There are various types of treatment options available for treating esophageal cancer and the exact type of treatment for an individual case mostly depends on the type of cell that has been affected by cancer. The most common treatment method for early stage esophageal cancer as well as advanced esophageal cancers too. There are variants of surgical esophageal cancer treatments such as a surgery can be performed to remove only the small tumors that are seen in the superficial layer of the inner lining of the esophagus and a small margin of the healthy tissue from around it to prevent future growth of cancer cells in it. This surgery can be performed using minimally invasive surgical methods (endoscope). Another form of surgical esophageal cancer treatment involves removing a portion of the esophagus (also known as esophagectomy). This surgery requires removing the cancer-affected portion of the esophagus along with the lymph nodes. The remainder of the esophagus is reattached to the stomach. Another form of surgical treatment for esophageal cancer is a more extensive surgery that requires removing a portion of the esophagus as well as a part of the upper stomach (also known as esophagogastrectomy). This involves removing the cancer-affected portion of the esophagus, the nearby lymph nodes as well as the upper portion of the stomach. The surgeon will reattach the esophagus to the remainder of the stomach and rejoin the colon if necessary. Nowadays, most of the esophageal cancer surgical treatments are performed using minimally invasive surgical methods (endoscope) to ensure less pain and more convenience to the patient during the surgical procedure.

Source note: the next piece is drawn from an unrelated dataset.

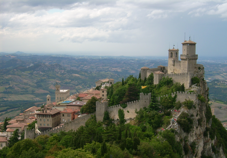 Private Image, GFDL granted.
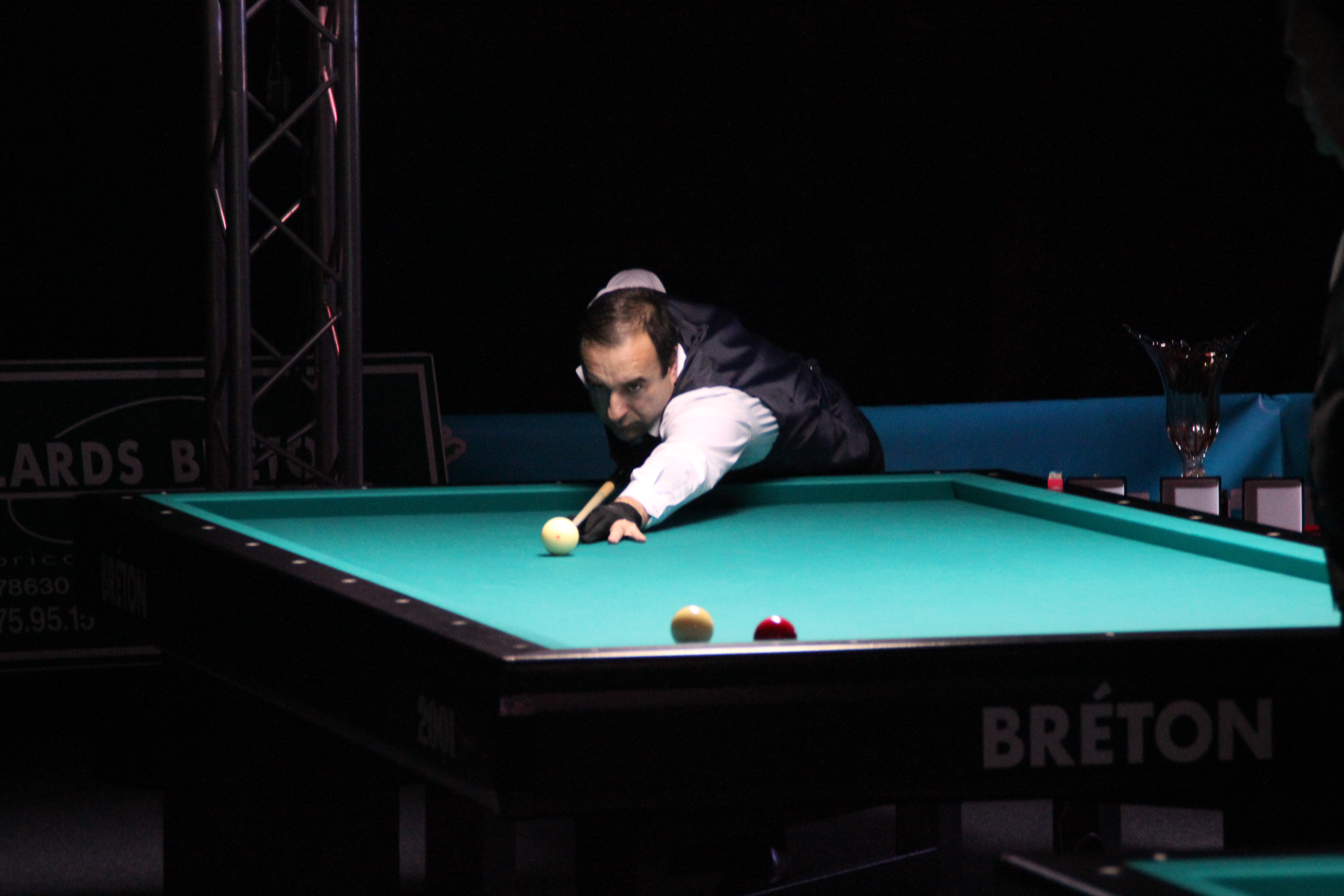 French championships of carom billiards 2012 in Voisins-le-Bretonneux. - Google Maps - Google Earth

Another form of esophageal cancer treatment method is the chemotherapy treatment. This requires administering various medicinal drugs that are designed to attack the cancer cells and stop their function to divide and grow. This treatment is usually performed in combination with the surgical treatment for optimum results in removing the cancer cells completely. This treatment may also be combines with the radiation therapy treatment as well.

Radiation therapy is another form of effective treatment for esophageal cancer. This treatment method requires using high-energy radiation beams (x-ray, etc) to destroy the targeted esophageal cancer cells. This treatment may be given using external beam method or brachytherapy which involves using a radiation device that can be inserted in the esophagus to target the cancer cells from close range.

Most of these esophageal cancer treatment methods are effective in treating the cancer cells as well as preventing the recurrence of the esophageal cancer in the future. Prompt and effective treatment from an experienced cancer specialist surgeon can mean the difference between restoration of good health or death from untreated esophageal cancer.